Vorbörse: Wall Street weiter im Abwärtssog – Dax leicht im Plus erwartet – Ölpreise legen eine Pause ein

onvista · Uhr (aktualisiert: Uhr)

DEUTSCHLAND: – KAUM VERÄNDERT – Nach dem wechselhaften Handel am Vortag dürfte der Dax am Donnerstag zunächst etwas ruhiger starten. Eine Stunde vor dem Xetra-Start signalisierte der X-Dax als Indikator für den deutschen Leitindex ein Plus von 0,19 Prozent auf 15 839 Punkte. Damit dürfte er sich positiv abheben von den am Vorabend erneut abgerutschten US-Börsen. Der Eurozonen-Leitindex EuroStoxx 50 wird am Donnerstag ebenfalls solide erwartet.

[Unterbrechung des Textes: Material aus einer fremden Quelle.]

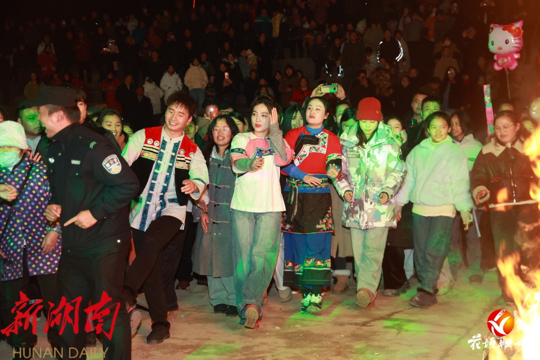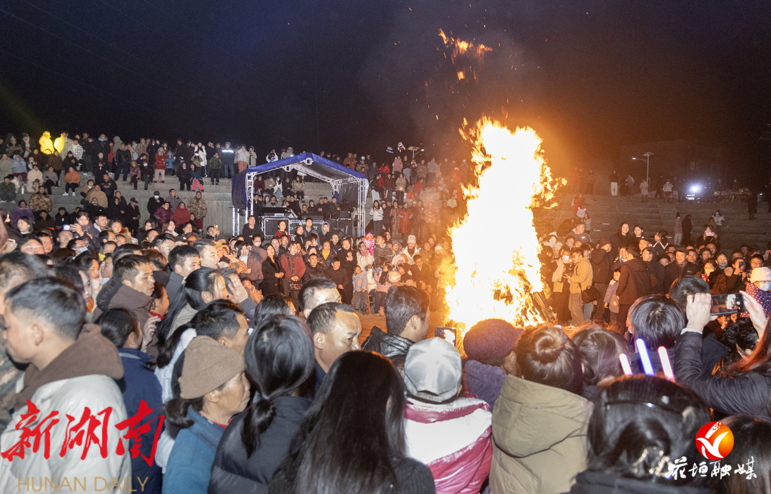 夜色渐浓,当苗歌的尾音逐渐被鼎沸的人声淹没,熊熊的篝火燃起,映红了人们的笑脸,大家围着象征欢乐的篝火,手拉手、肩并肩,跳起团圆舞。

Zinssorgen hatten den Dax am Vortag deutlich schwanken lassen. Am Donnerstag zeigt sich der Index nun aber zunächst stabiler, auch wenn in New York die Indizes auf dem Tagestief schlossen. Zuvor war dies auch schon in Asien zu beobachten – laut dem Marktbeobachter Michael Hewson vom Broker CMC Markets im Zusammenhang mit weiteren geldpolitischen Lockerungsmaßnahmen in China. Vor allem der Hongkonger Hang Seng zog in Fernost sprungartig wieder an.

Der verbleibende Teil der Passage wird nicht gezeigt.